Work required :: Go to the line with "the Snack button." in the entries below and write out every line from there through the line with "Die Kuneapel bietet", exactly and without pictures.

Provided records ::
######
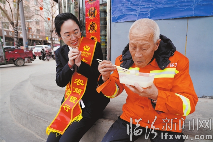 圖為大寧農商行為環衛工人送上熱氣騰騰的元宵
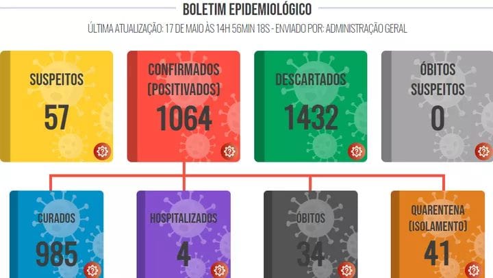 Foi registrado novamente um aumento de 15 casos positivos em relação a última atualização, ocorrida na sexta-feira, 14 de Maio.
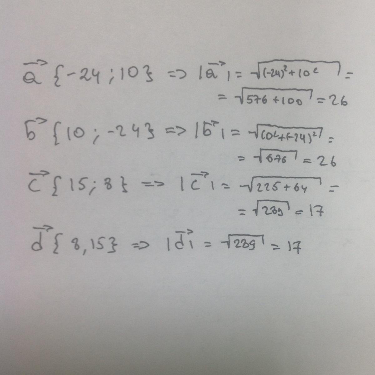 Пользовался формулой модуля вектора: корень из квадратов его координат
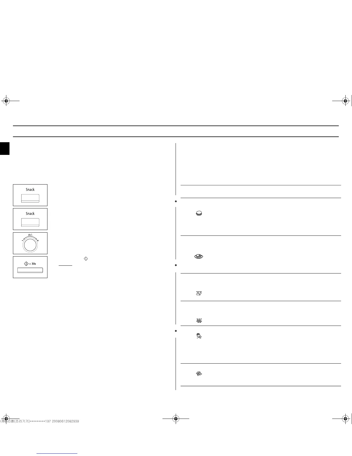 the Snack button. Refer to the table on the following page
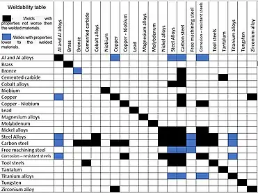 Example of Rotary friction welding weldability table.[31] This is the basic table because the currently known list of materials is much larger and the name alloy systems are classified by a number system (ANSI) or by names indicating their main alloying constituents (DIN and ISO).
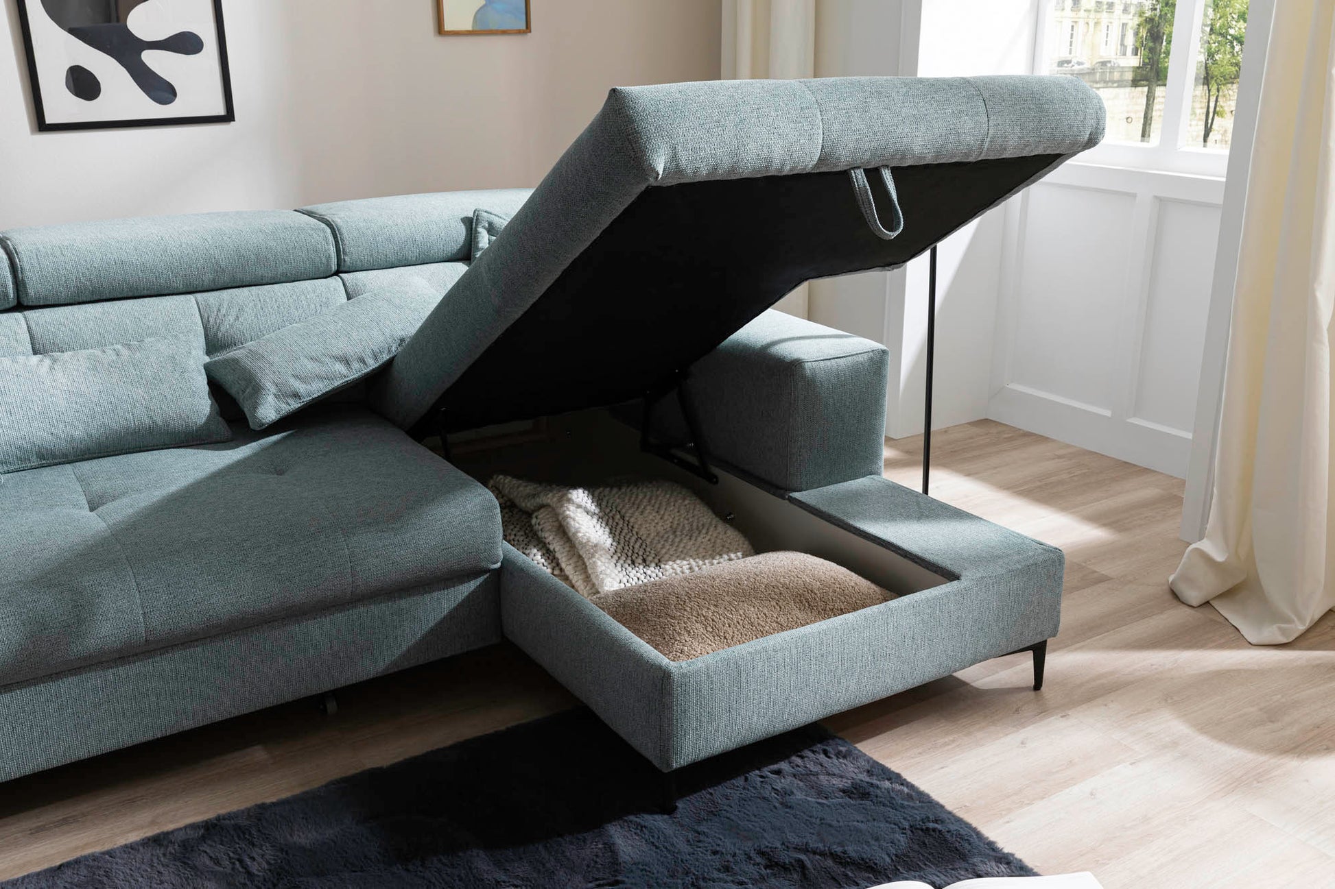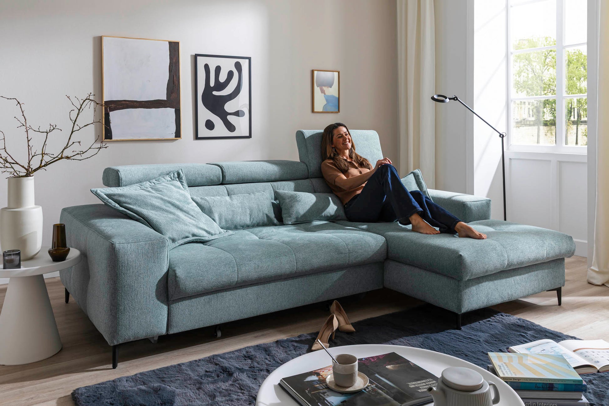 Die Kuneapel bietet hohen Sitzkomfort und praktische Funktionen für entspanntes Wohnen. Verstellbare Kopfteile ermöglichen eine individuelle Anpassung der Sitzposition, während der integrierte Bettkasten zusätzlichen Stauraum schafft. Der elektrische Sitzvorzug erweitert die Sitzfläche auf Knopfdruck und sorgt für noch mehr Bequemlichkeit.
######
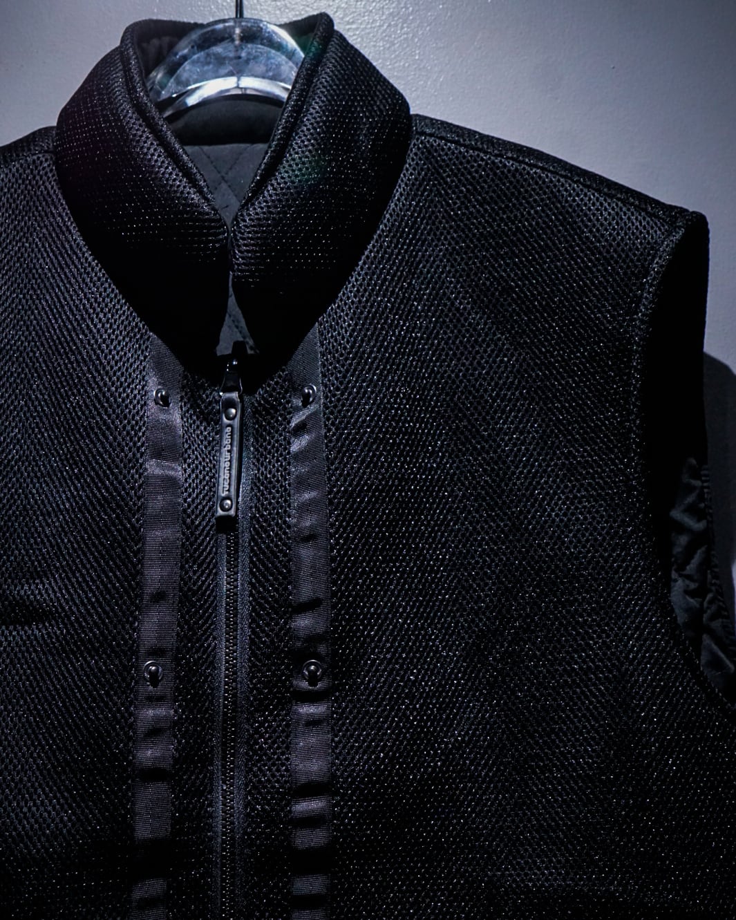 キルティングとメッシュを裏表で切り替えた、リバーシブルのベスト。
######
Your response ::
 the Snack button. Refer to the table on the following page
 Example of Rotary friction welding weldability table.[31] This is the basic table because the currently known list of materials is much larger and the name alloy systems are classified by a number system (ANSI) or by names indicating their main alloying constituents (DIN and ISO).
 Die Kuneapel bietet hohen Sitzkomfort und praktische Funktionen für entspanntes Wohnen. Verstellbare Kopfteile ermöglichen eine individuelle Anpassung der Sitzposition, während der integrierte Bettkasten zusätzlichen Stauraum schafft. Der elektrische Sitzvorzug erweitert die Sitzfläche auf Knopfdruck und sorgt für noch mehr Bequemlichkeit.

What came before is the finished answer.